- Origin: Huntington Beach, California, United States
- Genres: Punk rock Alternative rock
- Years active: 1995-2003, 2015
- Label: Epitaph
- Members: Jack Grisham Ron Emory Billy Persons Sean Greaves Paul Roessler Chris Lagerborg
- Website: epitaph site

= The Joykiller =

The Joykiller was an American punk rock supergroup from Huntington Beach, California, United States. The Joykiller were formed in 1995 by Jack Grisham of T.S.O.L., Billy Persons (The Weirdos/Gun Club) and Ronnie King.

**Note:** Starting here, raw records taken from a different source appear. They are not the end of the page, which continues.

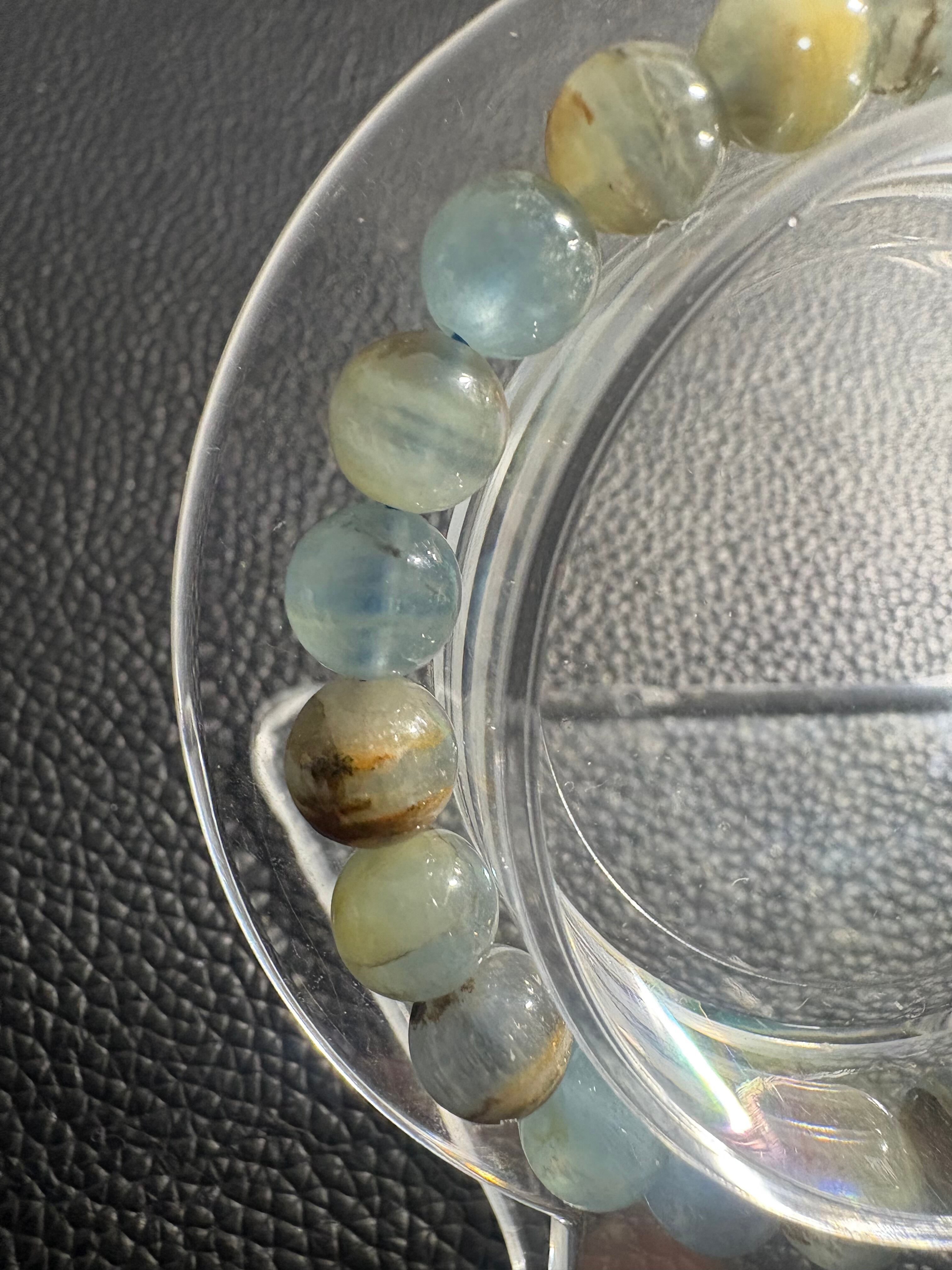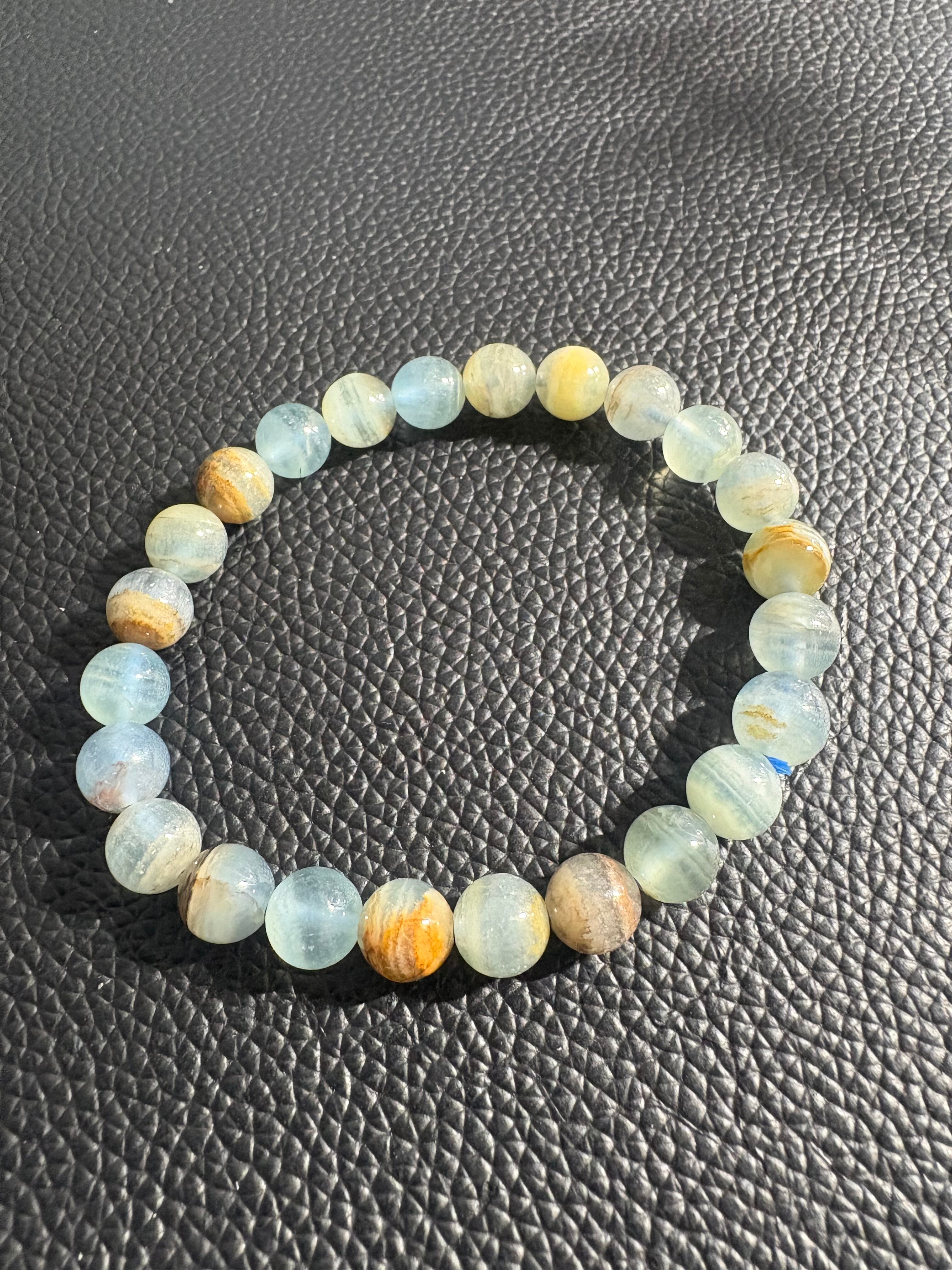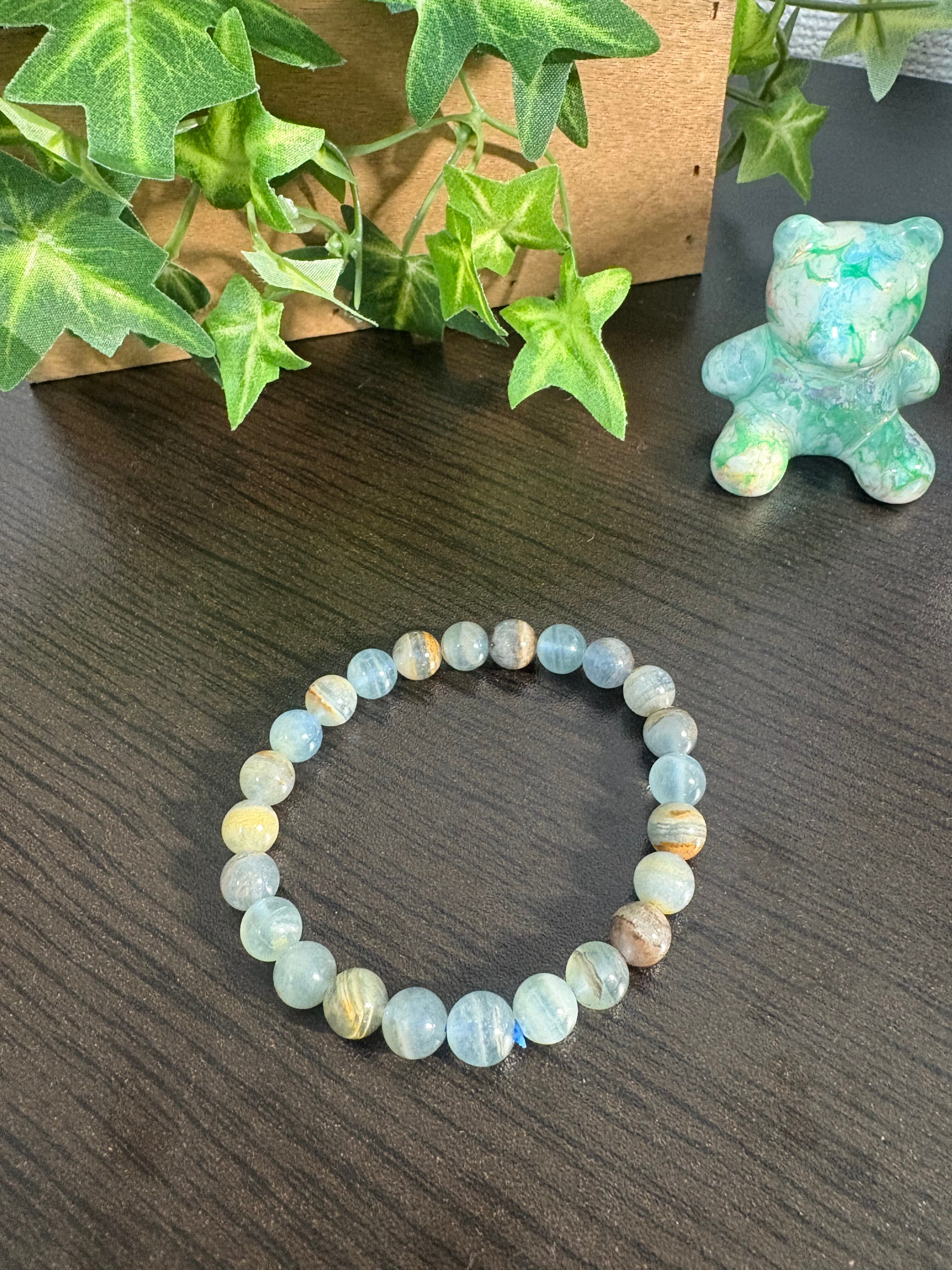 カリビアンカルサイト(カリビアンブルーカルサイト)ブレスレットの効果は、ストレス解消や癒し、ネガティブな感情の浄化、そして創造性や前向きな気持ち、目標達成をサポートすることが期待できます。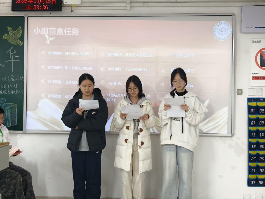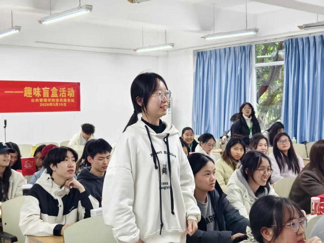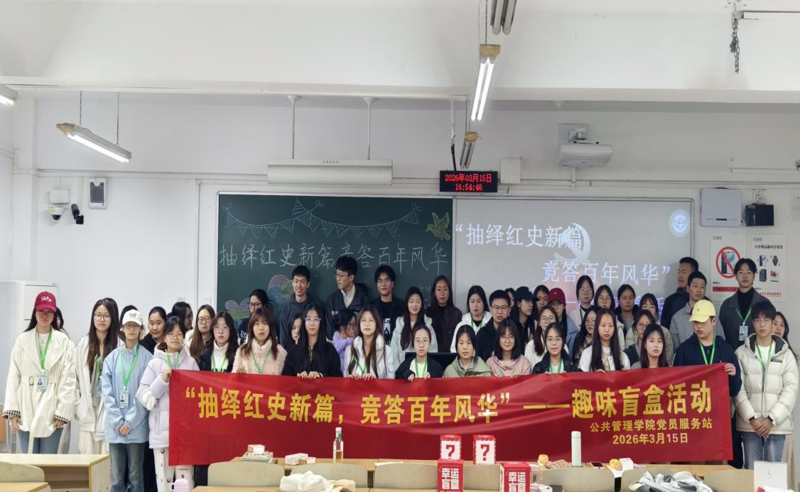 当前位置: 首页 >> 社区建设 >> 社区风采 >> 正文 “抽绎红史新篇,竞答百年风华”——公共管理学院共学社区党员服务站举办趣味盲盒活动 时间:2026年03月16日 12:16 作者: 公共管理学院 为引导青年在沉浸式互动与团队协作中深化红色认同、坚定理想信念,2026年3月15日,公共管理学院共学社区党员服务站在重庆工商大学南岸校区博智楼07204教室举办了“抽绎红史新篇,竞答百年风华”趣味盲盒活动,吸引了全院56名同学踊跃参与。本次活动意在带领青年走进丰满鲜活的英雄人物故事,在互动中传承红色基因、汲取精神力量。 活动伊始,同学们根据盲盒内的任务单进入筹备环节,并通过分工讨论、练习磨合来推进任务。随后,五组成员依次展示盲盒任务。他们朗诵《沁园春·雪》中展现的豪迈气概,演绎“井冈星火”“东方破晓”以及“改革浪潮”中国家历经新生奠基与改革图新的复兴征程,朗读《为人民服务》中“全心全意为人民服务”的宗旨。这不仅让英烈的形象变得血肉丰满,更表达了青年对红色文化的时代诠释。紧接着,在党史知识竞答环节中,同学们踊跃举手,表现了敏捷的思维与丰富的知识储备,同时彰显了青年对党史学习的热忱。活动尾声,主持人深情寄语,激励同学们不忘初心、砥砺前行,在传承中接续奋斗。 本次活动依托“共学社区·铸魂工程”,以盲盒为载体,让同学们在轻松愉快的氛围中重温红色记忆、感悟初心力量。未来,公共管理学院共学社区党员服务站将持续探索活动的新路径,以更贴近青年需求的形式推进党史学习教育走深走实,让红色基因在新时代得到传承和发扬。 上一条:安全无小事,竞赛练真功——文学与新闻学院北23楼管会开展寝室安全知识竞赛 下一条:体育学院依托“一站式”学生社区持续开展教职工子女公益培训 【关闭】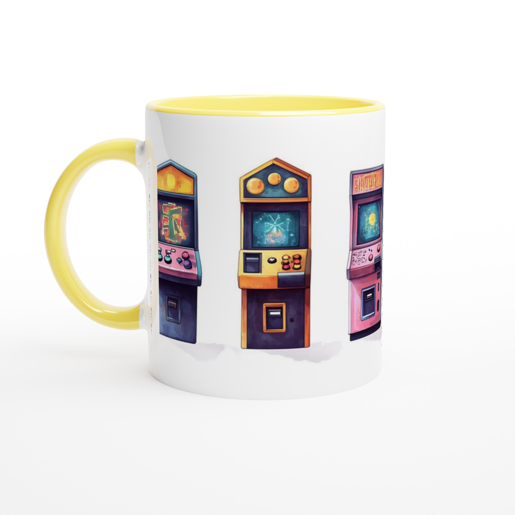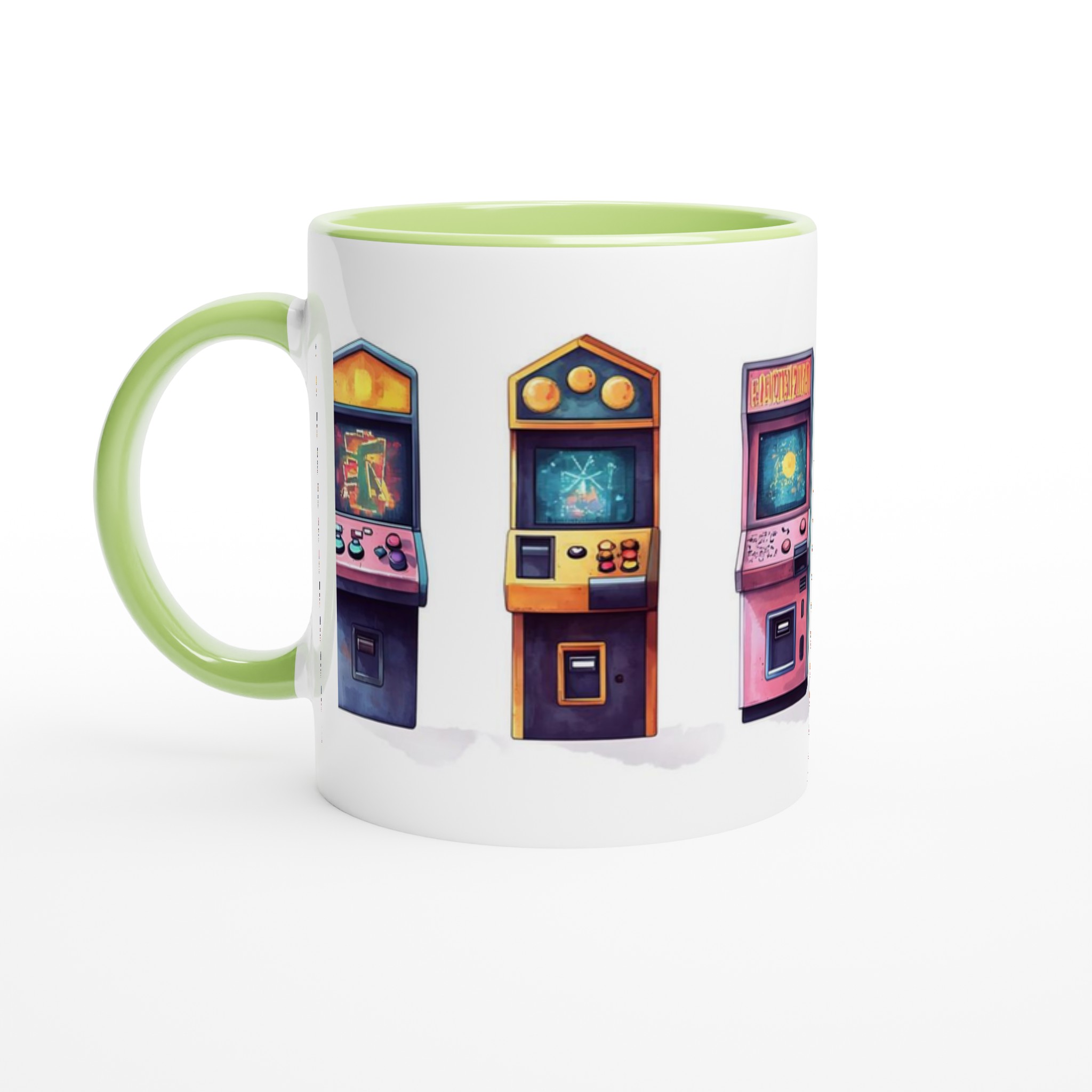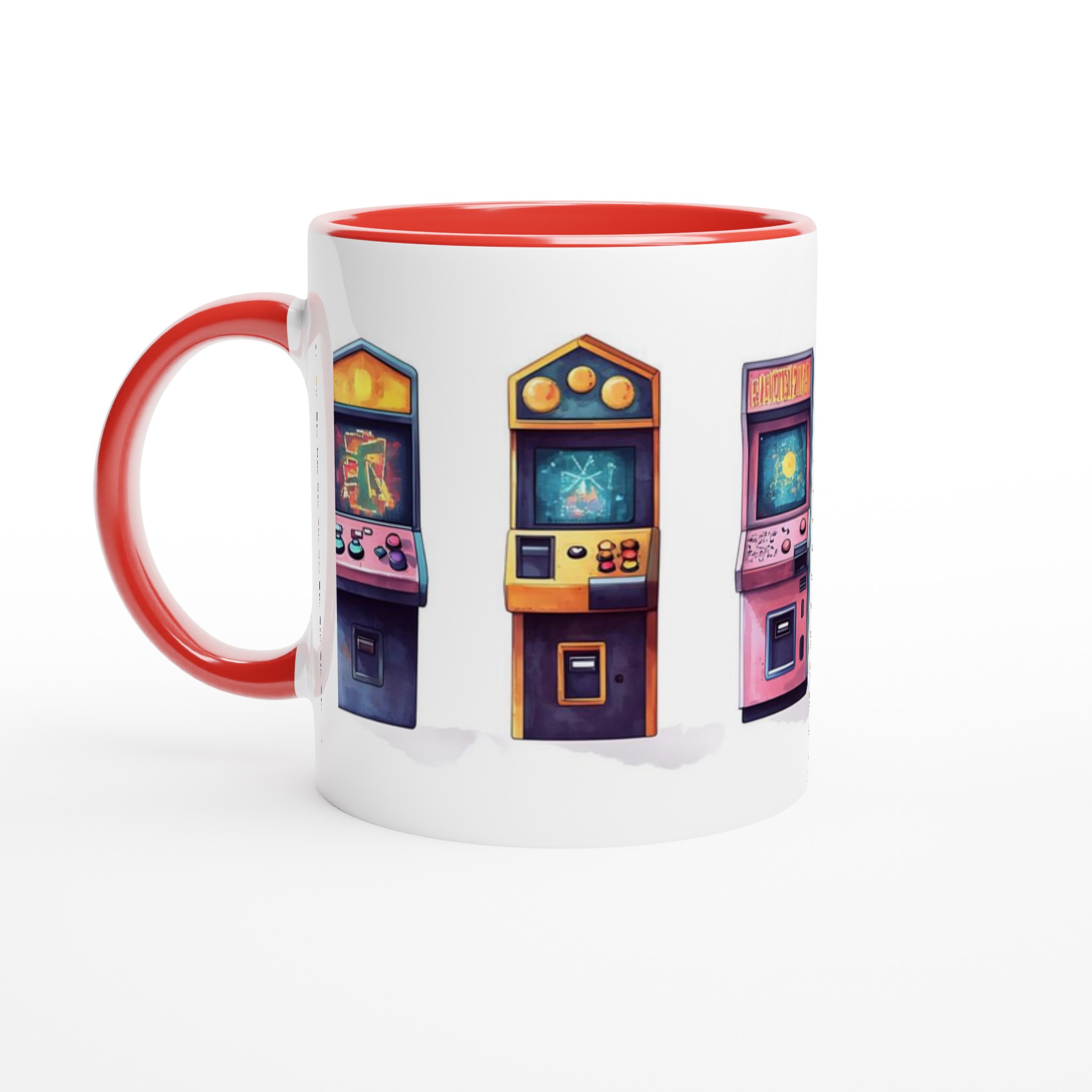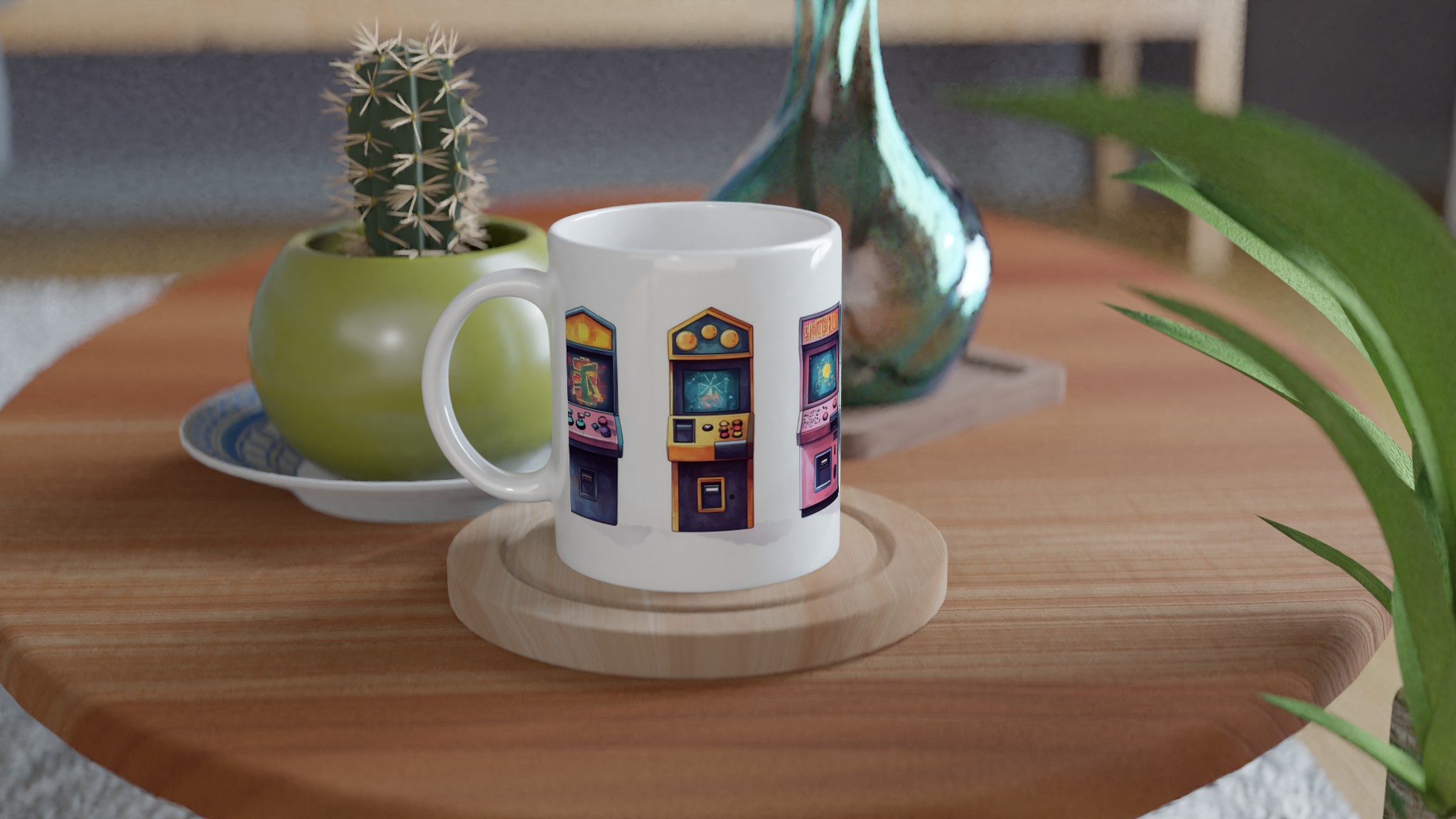 Retro Arcade Gamer Mugg – 11oz Keramisk Mugg med Vintage Arkadmaskiner i ditt färgval

After the formation of the band Jack recruited his ex-T.S.O.L. bandmate Ron Emory on guitar and added Chris Lagerborg on drums. This original line-up recorded one album on Epitaph Records, The Joykiller, before Emory was replaced in 1996.

The next line-up saw the addition of songwriter Sean Greaves on guitar. They recorded two albums on the Epitaph label, Static and Three, and toured the U.S., Canada, and Europe.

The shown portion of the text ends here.